Кто измерит мощь океана? Кто охватит глазом беспредельное небо, бесконечную даль воды?
Волны, волны… Им нет ни начала, ни конца – они повсюду, то лёгкие и игривые, то штормовые и грозные, стремящиеся, как голодные звери, пожрать всё на своем пути.
Уже много дней качали волны океана «Санта-Инес». Изменчив, непостоянен океан. У него свои законы, и, подчиняясь им, каравелла то неслась, раздувая белые паруса, то беспомощно замирала на месте. Тогда бородатый боцман, мастерски посылая в воду плевок, говорил, глядя в безоблачное небо: «Ветром и шляпы не наполнишь!» Эти слова означали наступление штиля. Обессиленные паруса беспомощно повисали вдоль мачт, а матросы закидывали удочки за борт корабля. Но штиль проходил, и вновь паруса гигантскими крыльями взмывали к небу, и резал зелёную воду высокий бушприт. Так миновали мыс Нос – «Дальше пути нет», – за которым ещё совсем недавно судоходство считалось невозможным, затем Канарские острова и мыс Бохадор, встретивший каравеллу сильным обратным течением.

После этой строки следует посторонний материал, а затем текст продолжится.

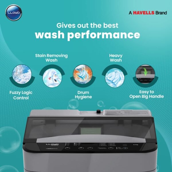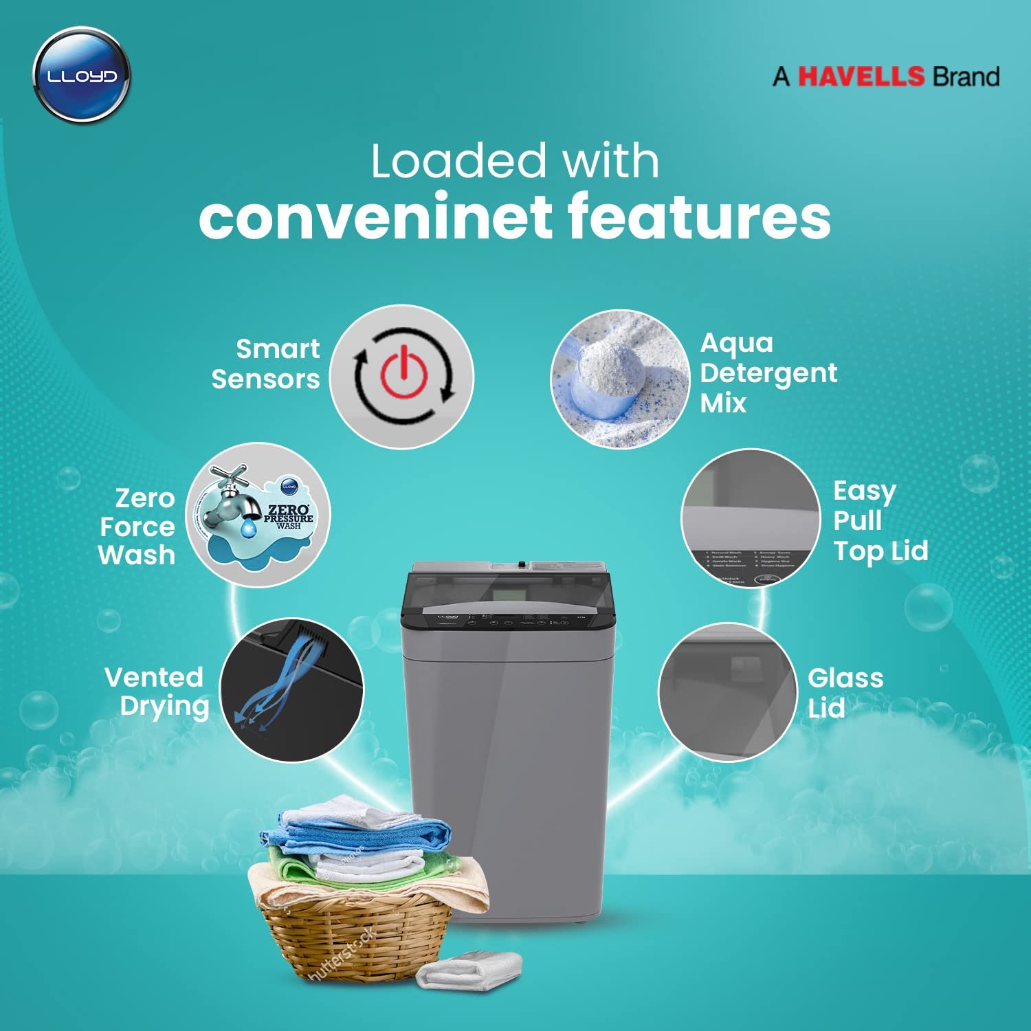 5 Star energy Rating – with 5 Star energy Rating, Lloyd gives you best in class water and energy efficiency, Aqua Shower rinse, Aqua detegent mix – fine foam that dissolves and wahesh away toughest stains, Rust free metal body, toughend glass lids

На одном из островов Зелёного мыса была сделана недолгая стоянка: запаслись водой и дровами. И вновь бескрайняя ширь океана.

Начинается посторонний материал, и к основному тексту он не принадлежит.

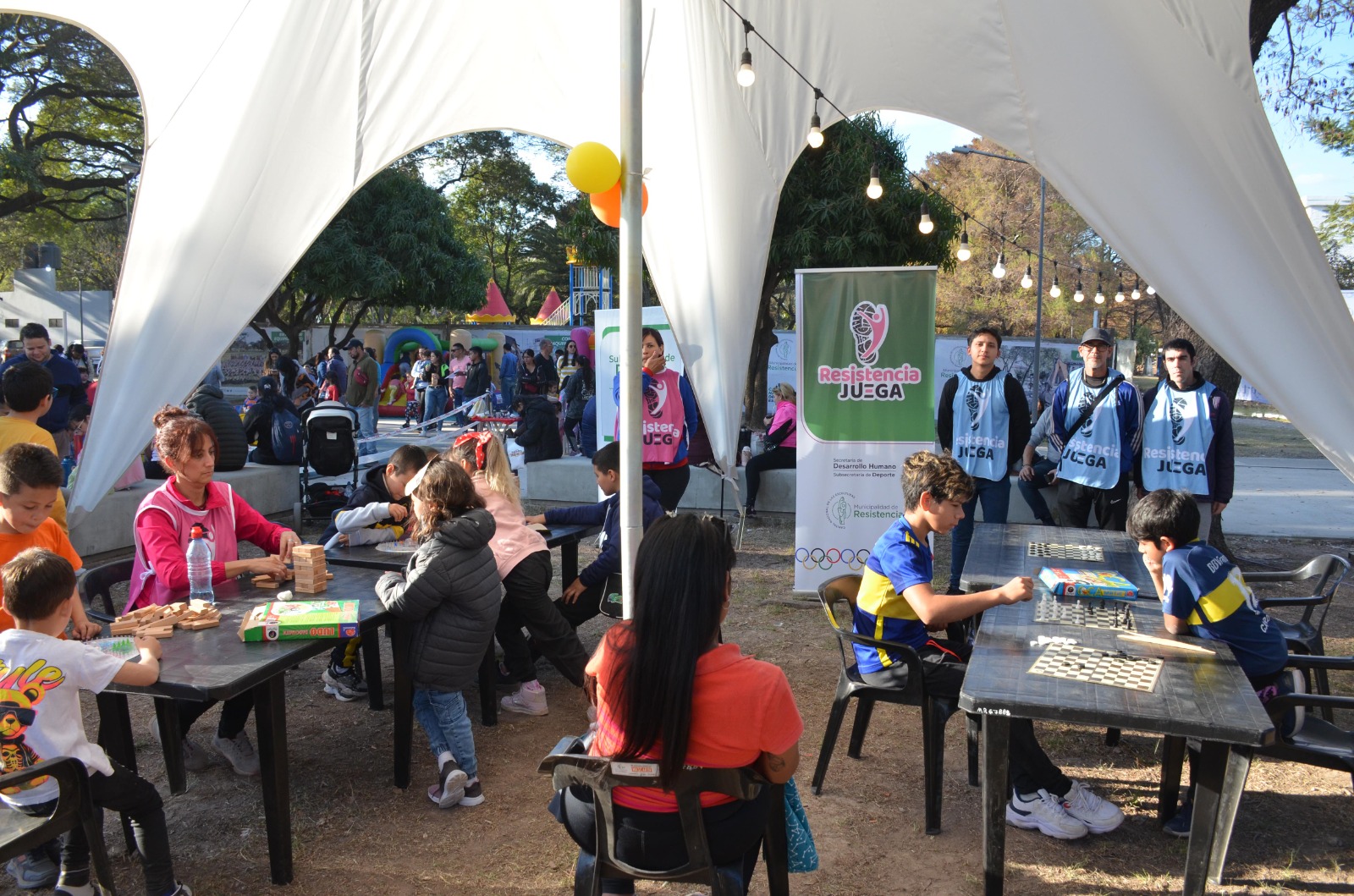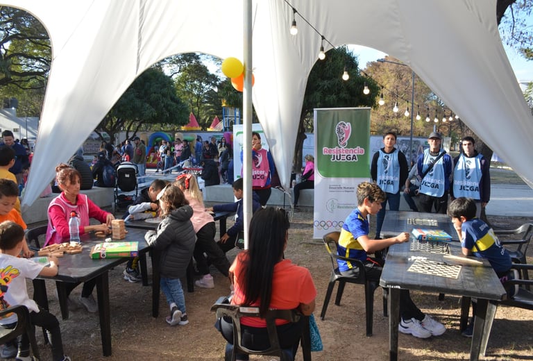 [16/07/2024] - La Municipalidad de Resistencia, a través de la Secretaría de Desarrollo Humano, ofrece un espacio pensado para el entretenimiento de los niños, niñas y adolescentes en la Bienal del Chaco 2024. En la carpa se puede acceder a juegos de mesa como ajedrez o damas; también se encuentran los elementos deportivos para realizar actividades deportivas como vóley, fútbol tenis y fútbol 5; entre otras.

Жизнь на корабле шла обычным чередом. Она была размерена звоном колокола, в который каждые полчаса звонил юнга, переворачивая склянки песочных часов: восемь склянок – смена вахты, сорок восемь – сутки прочь.

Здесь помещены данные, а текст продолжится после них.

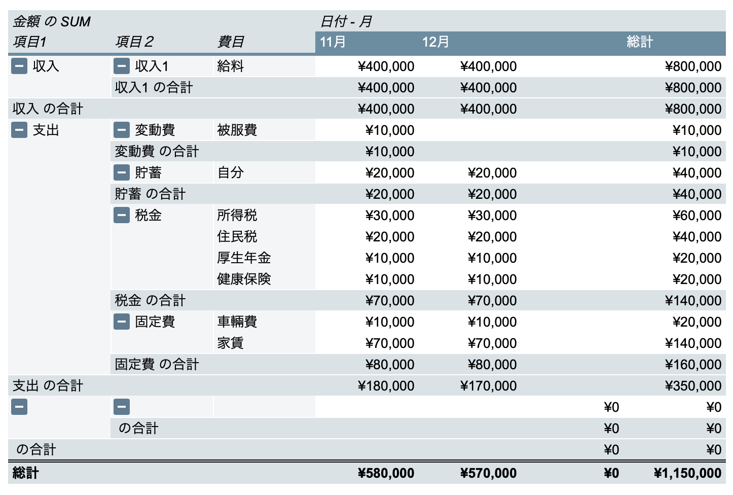 一番下の「総計」は、収入と支出の合計金額が表示されるのでご注意ください。

Обязанность переворачивать склянки досталась Диого Гальвани, совместившему в своём лице юнгу и кока.
Все на корабле знали, что Диого был студентом, изучал науки в Коимбре, но, покинув университет, предпочёл шаткую палубу корабля сумрачным сводам аудиторий. Не слишком-то охотно согласился Сикейра включить в состав команды бывшего студента.
Когда внезапно в лагашском порту ему преградил дорогу высокий, нескладный юноша с живыми глазами и большим подвижным ртом, он долго с подозрением разглядывал его, оттягивая решение, задавая множество вопросов.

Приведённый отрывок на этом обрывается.